By Laura Muñoz Tarrío
Travel and tourism were responsible for 8.1% of global greenhouse gas emissions in 2019, according to the World Travel and Tourism Council (WTTC). Despite this, tourism is considered “an important source of foreign exchange and employment and is closely linked to the social, economic and environmental well-being of many countries, especially developing countries” by the UN.
The WTTC forecasts that by 2023 this sector will be contributing 9.5 trillion dollars (8.9 trillion euros) to the world economy, in addition to creating 320 million jobs. It is therefore essential that it evolves and adapts to both the new demands of travelers and the needs of the planet.

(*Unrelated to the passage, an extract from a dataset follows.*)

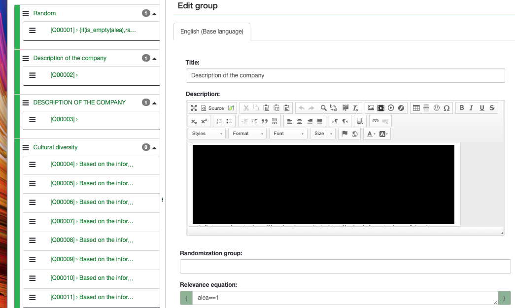 Dans le cadre de mon mémoire, je dois créer un questionnaire sur Limesurvey 2.5. Je suis novice et je galère un peu. Du coup, j'ai quelques petites questions

Sustainable tourism, a ticket to survival
The COVID-19 pandemic significantly affected tourism, due to lockdowns and border closures. However, as early as 2022, there were more than 960 million international tourist trips, which means that two-thirds (66%) of the figures reached before 2020 were recovered, according to UNWTO. In this regard, Javier Iglesias, Director of Operations at Opinno, explains that “the tourism sector will continue to experience strong growth, in line with the increase in population and economic resources, which implies that the externalities it generates will also do so, hence the urgency to act”. This number of travelers “raises challenges related to overcrowding, cultural appropriation and loss of authenticity,” explains the European Commission.
These negative effects of overtourism have led some local communities and heritage tourism experts to oppose this type of travel. For this reason, and with the aim of changing their perspective, this sector must place these groups at the center of decision-making processes, according to the European Commission. Iglesias adds that “tourism should not jeopardize local culture and authenticity, but rather improve the circumstances of the populations that receive travelers.
In this context, ecotourism or sustainable tourism, which “takes into account current and future economic, social and environmental impacts to meet the needs of visitors, the industry, the environment and host communities,” is presented as the best option for the survival of the sector. It seeks to align with the 2030 Agenda and “implement policies to promote sustainable tourism that creates jobs and fosters local culture and products”.
What initiatives have organizations and companies implemented?
Given that sustainable tourism must “satisfy the needs of the present generation without compromising the capacity of future generations,” as Carlos Calderón, coordinator of the Master’s Degree in Ecological and Sustainable Tourism Management at the Polytechnic University of Madrid (UPM), explains in El País, many companies are taking action to adapt to this new reality.
Booking, for example, already shows on its website certificates that identify eco-friendly places, so that users can take this factor into account when choosing their accommodation. For its part, the multinational Meliá opened the first carbon neutral hotel in Menorca in 2022. This has “biomass boilers, geothermal energy and heat recovery, photovoltaic energy, recovery of clean and gray water, as well as digital technologies to measure and control the water footprint and reduce energy and water consumption,” as reported by the Balearic media Última Hora.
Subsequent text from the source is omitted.